=== MATERIAL TO PROCESS ===
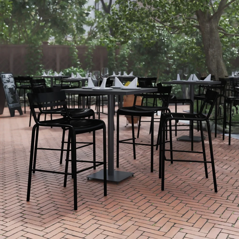 4PK Modern Commercial Grade 2 Slat Indoor/Outdoor Steel Bar Stool
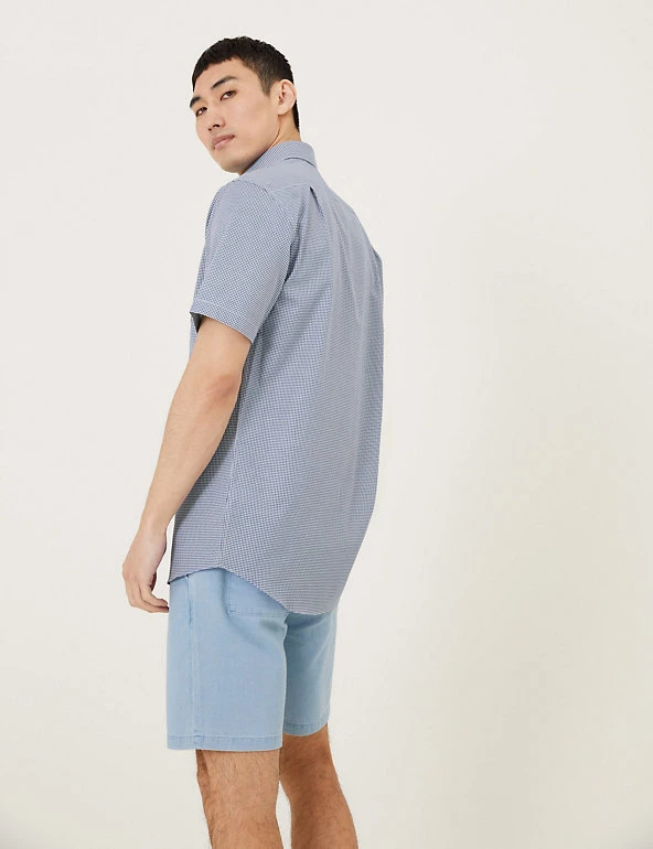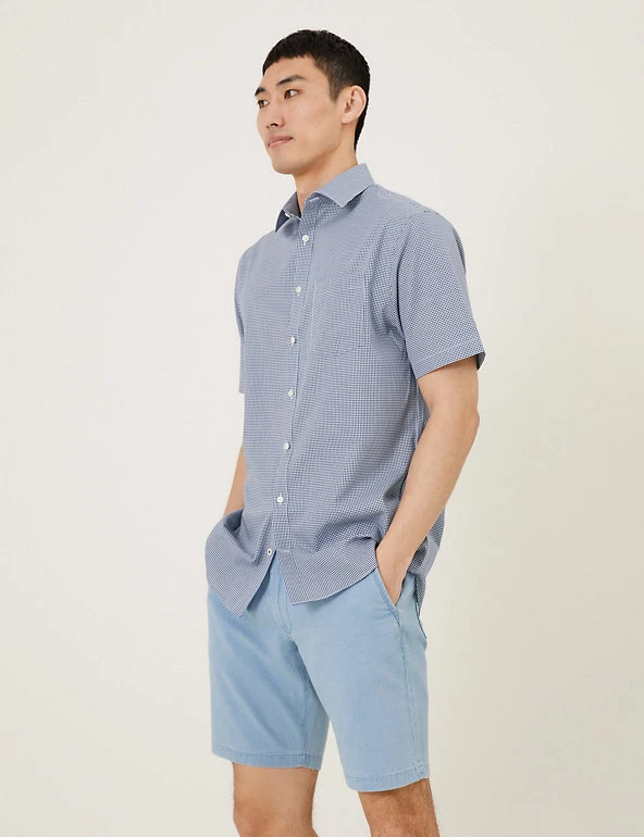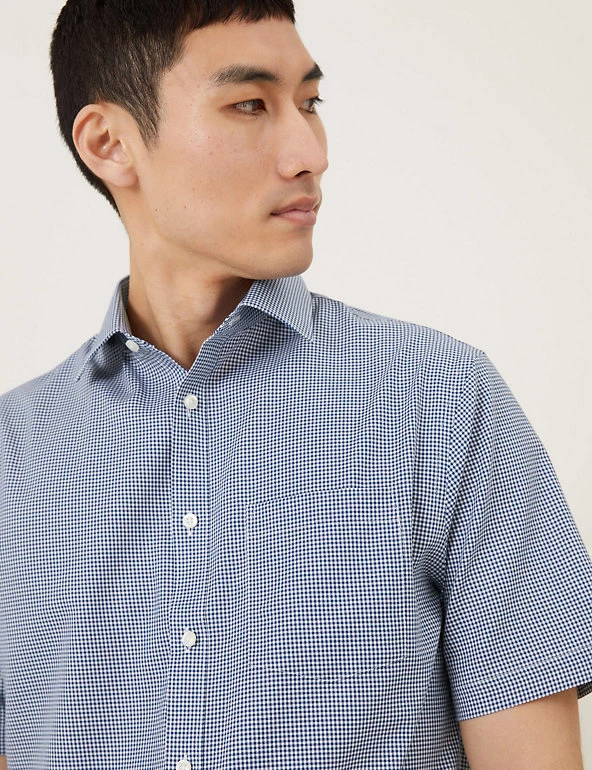 Bring a summery feel to your smart looks with this pure cotton gingham shirt. The short-sleeved style has a regular fit, with a classic collar neckline. Our non-iron finish means you won’t have to worry about creases, even after washing and tumble drying. We only ever use responsibly sourced cotton for our clothes.
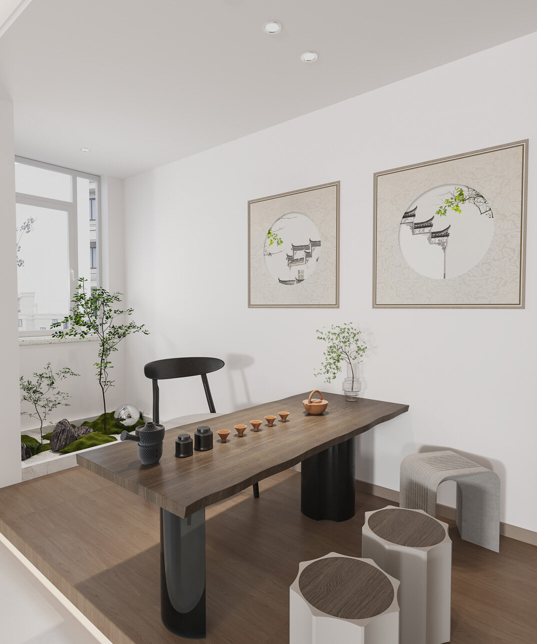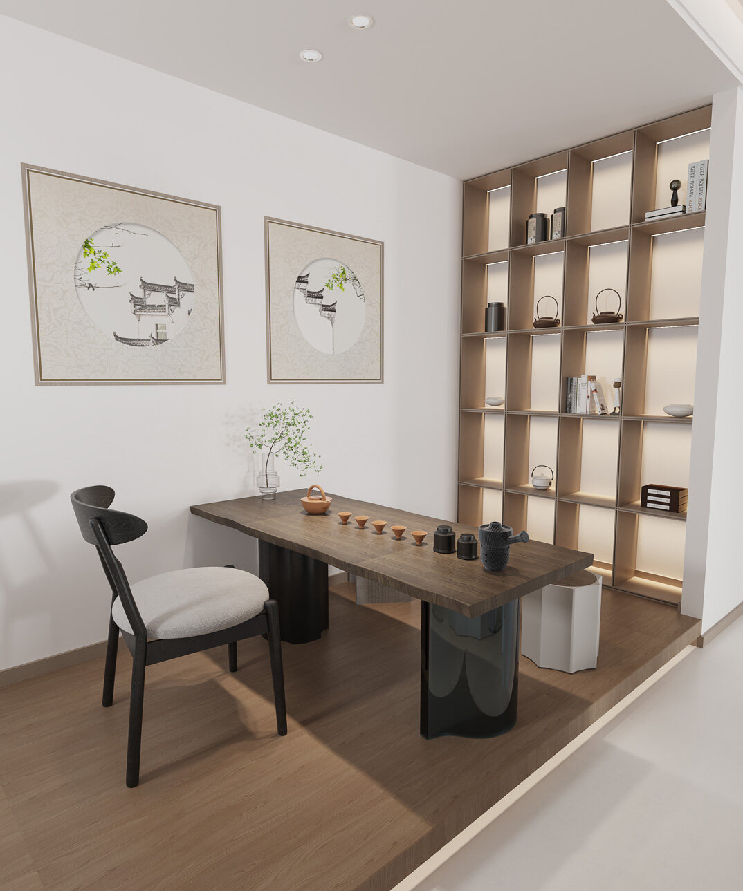 東岸世家167㎡三室兩廳茶室現(xiàn)代極簡風格裝修案例效果圖
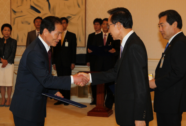 이명박 대통령이 16일 청와대에서 설동근 교육과학기술부 1차관에게 임명장을 주고 있다.
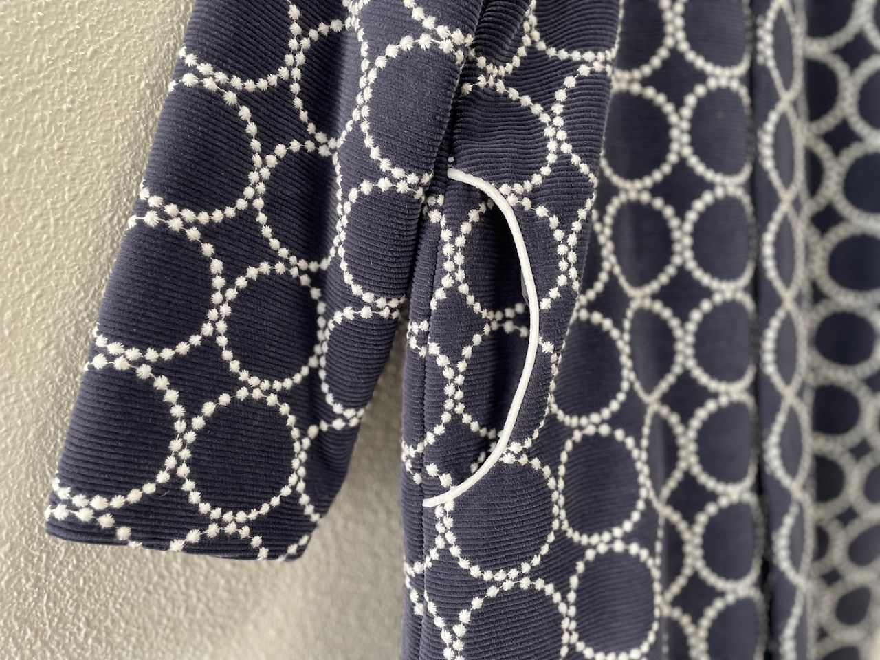 ポケットの白いパイピングなど
===
YOUR INSTRUCTIONS — Pictures should be omitted. Please return exactly the lines from the line that holds "이명박 대통령이 16일" through the end of the records.

WORKED SOLUTION —
 이명박 대통령이 16일 청와대에서 설동근 교육과학기술부 1차관에게 임명장을 주고 있다.
 ポケットの白いパイピングなど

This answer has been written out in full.